Terraforming AKS at the speed of Cloud Native

Karl Cooke | Jan 15, 2025 min read

IMPORTANT

The code, configuration, and commands discussed in these articles are intended solely to demonstrate the capabilities of a specific product or project.

Unless otherwise stated, these examples are not to be considered “Production Ready”. All configuration samples provided are for demonstration purposes only.

The author takes no responsibility for any consequences arising from the use of this information.

Welcome back!

It’s been a minute since I’ve written anything, life has a way of getting very busy both in and out of the day job. We’ve had a lot going on here, including relocating to a whole new country!

I’m determined to get back to writing regular tech-focused articles. Writing helps me to de-stress and provides plenty of opportunity to learn new things! I also LOVE giving back to the tech community, so let’s get into it!

The Problem

I’m a huge fan of the cloud and of cloud native technologies in particular. Cloud Native technologies are helping organizations of all sizes to innovate faster, scale more efficiently, and ultimately deliver better products to their customers. I could go on, and on, and on about the benefits of Cloud Native technologies, but let’s save that for another time.

My happy place, in technology terms, is working with Cloud Native technologies in Azure, specifically Azure Kubernetes Service or AKS for short.

Things change fast in the Public Cloud. Azure is obviously not an exception here. Regardless of how long you’ve been working in the cloud, keeping up with the rate of change can be a challenge. If the cloud moves fast, then cloud native technologies move faster. If I can let my Star Trek nerd out for a moment, I’d say cloud native technologies move at warp speeds! This is one of the things I love about the cloud and cloud native technologies, it means that no two days are the same and there’s always plenty to learn.

With Kubernetes releasing about 3 times per year, and Azure releasing new features and updates for services like AKS at a similar pace, it’s a lot to keep up with. As an Azure MVP and a Cloud Architect/Consultant/Engineer (sometimes all 3 in the same day!), I need to make sure that I keep up with the pace of change. This often means experimenting with new capabilities, building out labs and proof of concepts to keep my skills sharp and to really get under the hood of the technology.

I often build out AKS lab environments for these experiments and learning opportunities. Terraform is my tool of choice when it comes to Infrastructure as Code. Infrastucture as Code is critical to creating consistent, repeatable environments quickly whether that’s for learning and experimentation or in the wild for client workloads. Terraform uses providers to interact with cloud provider APIs to build your resources in the cloud.
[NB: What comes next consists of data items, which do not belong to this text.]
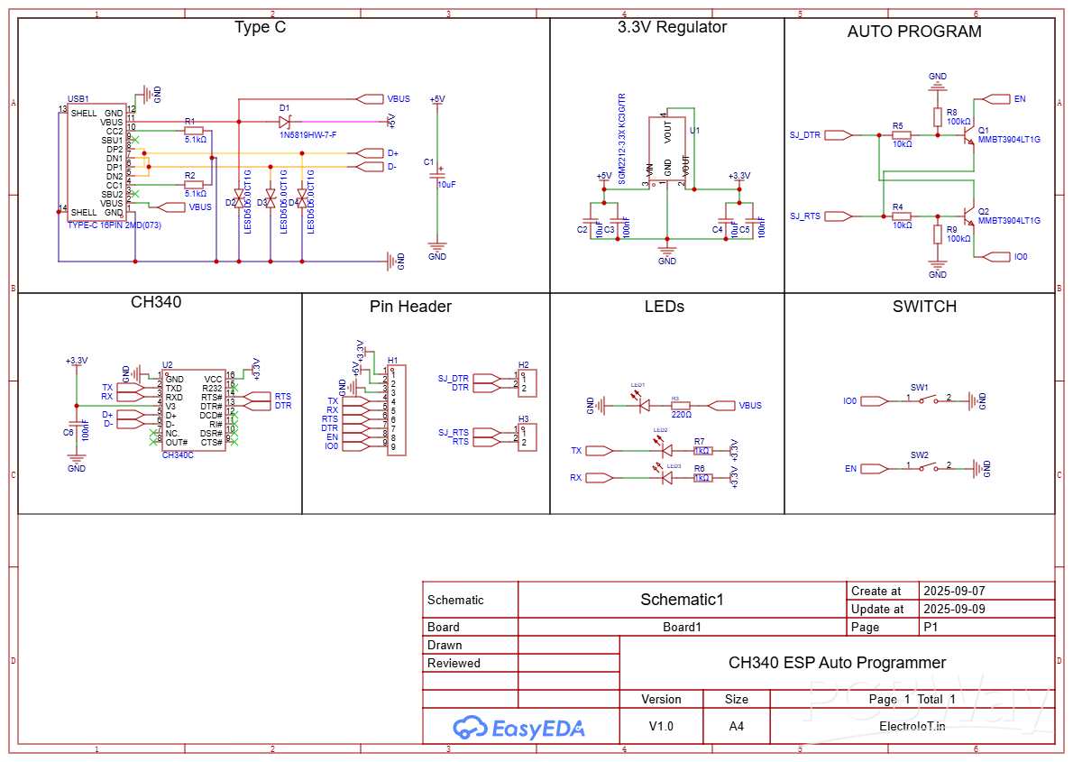Qty Reference Value Part No / Notes 1 U2 CH340C USB-UART bridge 1 U1 SGM2212-3.3 3.3V LDO regulator 2 Q1, Q2 MMBT3904 NPN for auto-program 2 R8, R9 100k Base pulldown resistors 2 R1, R2 10k Base resistors (RTS/DTR) 2 R4, R5 10k Pull-ups (EN, IO0) 1 R3 1k Power LED resistor 2 R6, R7 2.2k TX/RX LED resistors 3 LED1-3 Green/Orange/Yellow Power, TX, RX indicators 3 D2–D4 LESD5D5.0 USB ESD protection 1 D1 1N5819 Reverse protection 5 C1–C5 10 µF Bulk capacitors 3 C3, C5, C6 100 nF Decoupling capacitors 2 SW1, SW2 Reset/Boot buttons Tactile SMD 1 USB1 USB-C connector Receptacle (📑 Full detailed BOM available in Excel file)
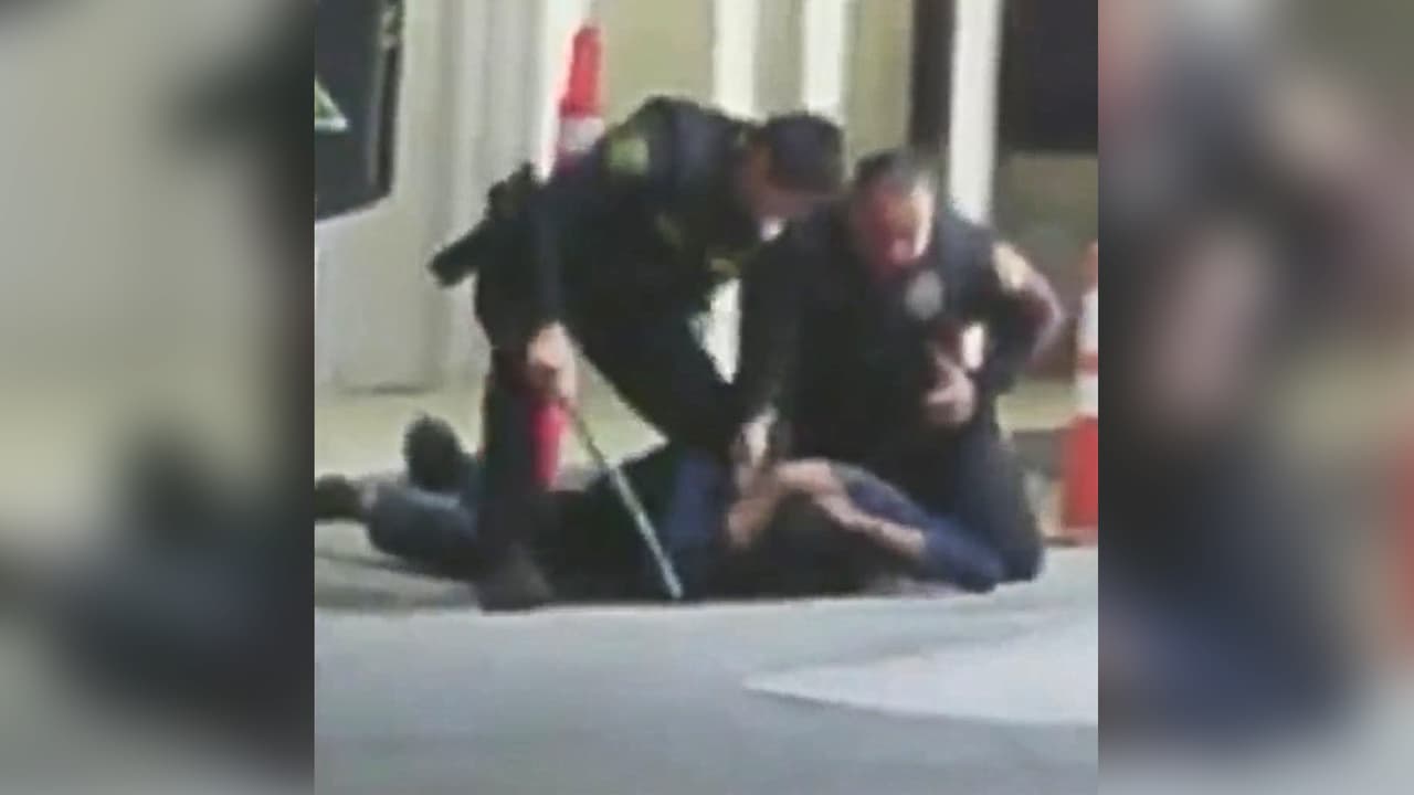 El violento incidente ocurrió en una estación de gasolina de California. El hombre terminó en el hospital y las autoridades investigan si hubo exceso de fuerza.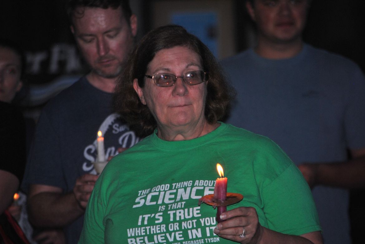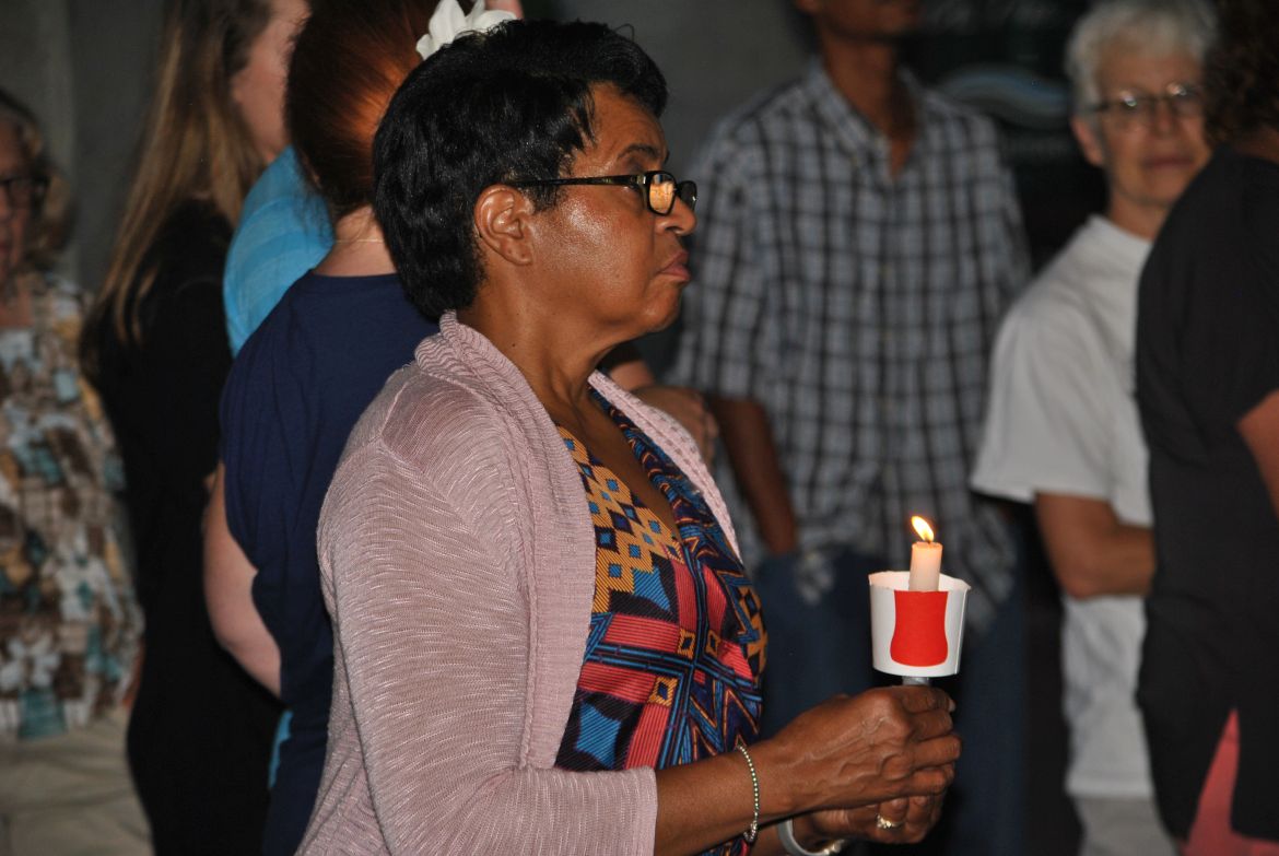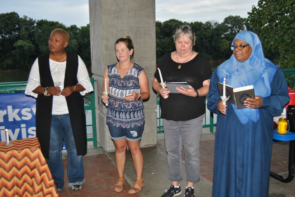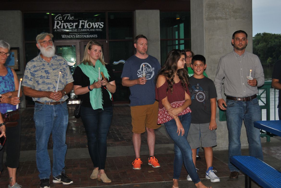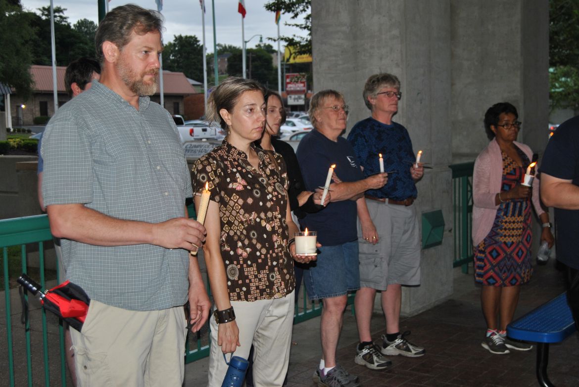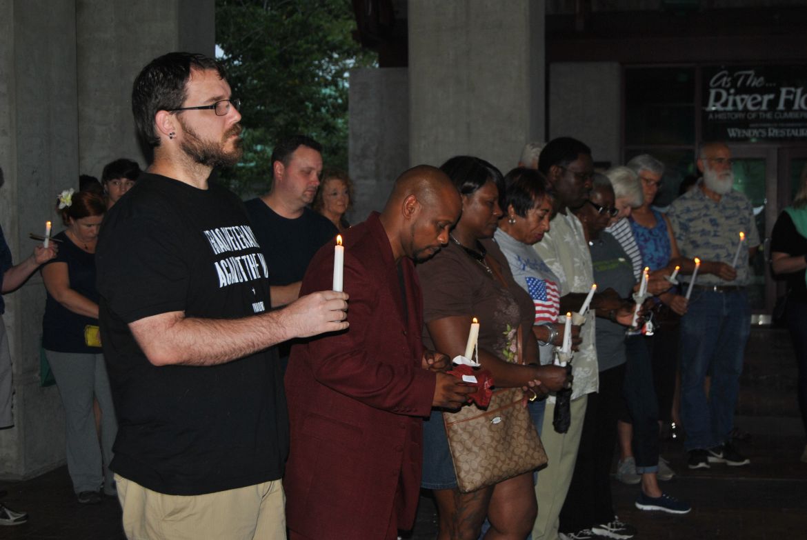CLARKSVILLE, Tenn. – (CLARKSVILLENOW) Over 50 people gathered at McGregor Park in Clarksville Sunday evening for a candlelight vigil organized by the group Clarksville Indivisible to show solidarity with Charlottesville, Virginia after violence against people protesting white nationalists. One person was killed and close to 30 people were injured after a car driven by an alleged Nazi sympathizer slammed into a crowd of counterprotestors.

For Azure, the primary provider that most engineers and organizations use is the AzureRM provider. I build most of my labs and customer solutions using this provider. It’s great but, it can lag behind the very latest updates from Azure. In particular, preview features often take a while to be supported.
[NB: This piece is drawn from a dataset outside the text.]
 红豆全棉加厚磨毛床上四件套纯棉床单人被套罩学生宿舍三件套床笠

For example, one of the new preview features in AKS that I’ve been testing out is the API Server VNet Integration. Using API Server VNet Integrations projects an API Server endpoint into a delegated subnet without requiring any Private Endpoints. Talking about how great this new feature is, is another topic for another day. Ordinarily, I’d have to wait for this preview feature to be supported in AzureRM or I’d have to change my tooling to use Azure CLI, PowerShell, or Bicep and I don’t want to do that all the time.

The Solution

Don’t worry, there is a solution! I promise I wasn’t just writing an article to present a problem and then leave you to figure it out for your self! The solution to our problem is another Provider from Azure called AzAPI. This Provider has been around for 2-3 years and was specifically created to solve the problem I mention above, not just with cloud native resources but with all resources in Azure.

What is AzAPI?

According to the Microsoft documentation linked above, the AzAPI provider is a thin layer on top of the Azure ARM APIs. It allows you to build resources using any of the ARM APIs directly from Terraform, which is exactly the same as the AzureRM provider. The critical difference with AzAPI is that it allows you to choose which API version you are using. With the latest API versions, you can access the latest day zero features and releases, whether they are preview or not. It’s just a case of selecting the appropriate API version. If you’re familar with Bicep at all then this won’t be a foreign concept to you.

Why Now?

I can already hear you say “Karl, if this tool has been out for years and has had this exact same functionality for years, WHY are you telling me about how awesome it is now?!”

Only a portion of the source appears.